在上一篇博客中,介绍了Spark Submit的任务提交,采用了传统网关的提交,创建ClientAPP,在Client的onStart方法里面,

override def onStart(): Unit = {
  driverArgs.cmd match {
    case "launch" =>
      // TODO: We could add an env variable here and intercept it in `sc.addJar` that would
      //       truncate filesystem paths similar to what YARN does. For now, we just require
      //       people call `addJar` assuming the jar is in the same directory.
      val mainClass = "org.apache.spark.deploy.worker.DriverWrapper"

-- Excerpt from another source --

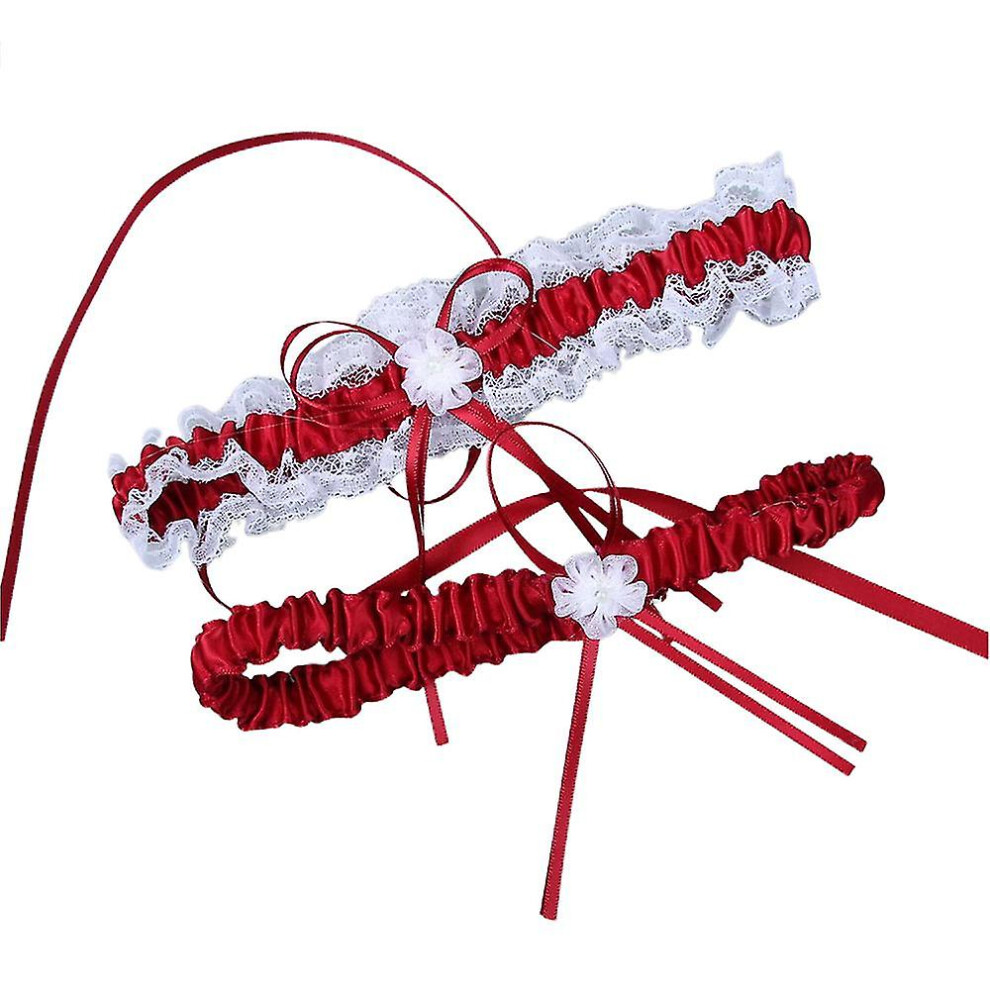 (Wine Red) 2pcs Wedding Garter For Bride Prom Lace Garters Bridal Leg Stretchy Garter Set

      val classPathConf = "spark.driver.extraClassPath"
      val classPathEntries = sys.props.get(classPathConf).toSeq.flatMap { cp =>
        cp.split(java.io.File.pathSeparator)
      }

      val libraryPathConf = "spark.driver.extraLibraryPath"
      val libraryPathEntries = sys.props.get(libraryPathConf).toSeq.flatMap { cp =>
        cp.split(java.io.File.pathSeparator)
      }

      val extraJavaOptsConf = "spark.driver.extraJavaOptions"
      val extraJavaOpts = sys.props.get(extraJavaOptsConf)
        .map(Utils.splitCommandString).getOrElse(Seq.empty)
      val sparkJavaOpts = Utils.sparkJavaOpts(conf)
      val javaOpts = sparkJavaOpts ++ extraJavaOpts
      val command = new Command(mainClass,
        Seq("{{WORKER_URL}}", "{{USER_JAR}}", driverArgs.mainClass) ++ driverArgs.driverOptions,
        sys.env, classPathEntries, libraryPathEntries, javaOpts)

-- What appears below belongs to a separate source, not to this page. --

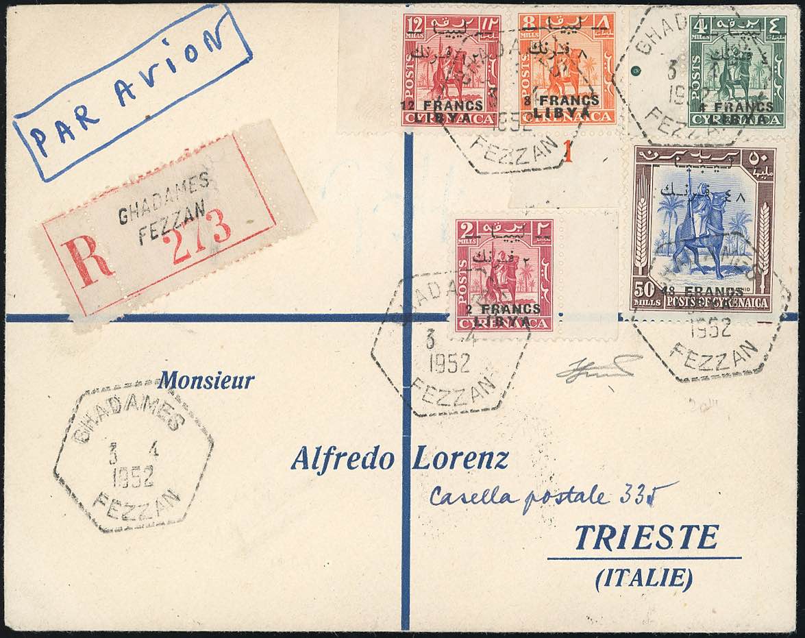 LIBIA REGNO INDIPENDENTE 1952 - Emissione per il Fezzan, 2 f. su 2 m., 4 f. su 4 m., 8 f. su 8 m., 10 f. su 10 m., 48 f. su 50 m. (14/17,20), perfetti, su aerogramma raccomandato da Ghadames 3/4/1952 per Trieste, bollo di arrivo al verso. Grande rarità dell'emissione. Cert. Ferrario.

      val driverDescription = new DriverDescription(
        driverArgs.jarUrl,
        driverArgs.memory,
        driverArgs.cores,
        driverArgs.supervise,
        command)
      asyncSendToMasterAndForwardReply[SubmitDriverResponse](
        RequestSubmitDriver(driverDescription))

    case "kill" =>
      val driverId = driverArgs.driverId
      asyncSendToMasterAndForwardReply[KillDriverResponse](RequestKillDriver(driverId))
  }
}

上面的onStart方法里,首先是创建driverDescription,然后向Master发送提交Driver的消息。也就是在我们提交程序后,创建的Client会向master发送要启动Driver这样的一个消息。下面就是Master接收到消息后进行相应的处理。下面进入到Master:

override def receiveAndReply(context: RpcCallContext): PartialFunction[Any, Unit] = {
//master接收到消息后进行模式匹配
  case RequestSubmitDriver(description) =>
//首先判断master的状态是否是ALIVE,如果不是,则向
    if (state != RecoveryState.ALIVE) {
      val msg = s"${Utils.BACKUP_STANDALONE_MASTER_PREFIX}: $state. " +
        "Can only accept driver submissions in ALIVE state."
      //如果master的状态不是alive,则发送失败的消息
context.reply(SubmitDriverResponse(self, false, None, msg))
    } else {
      logInfo("Driver submitted " + description.command.mainClass)
//根据driverDescription的信息,创建driver
      val driver = createDriver(description)
//把Driver的信息进行持久化
      persistenceEngine.addDriver(driver)
//把Driver添加到等待的队列中
      waitingDrivers += driver
//将Driver添加到Hashset中
      drivers.add(driver)
//进行调度
      schedule()

      // TODO: It might be good to instead have the submission client poll the master to determine
      //       the current status of the driver. For now it's simply "fire and forget".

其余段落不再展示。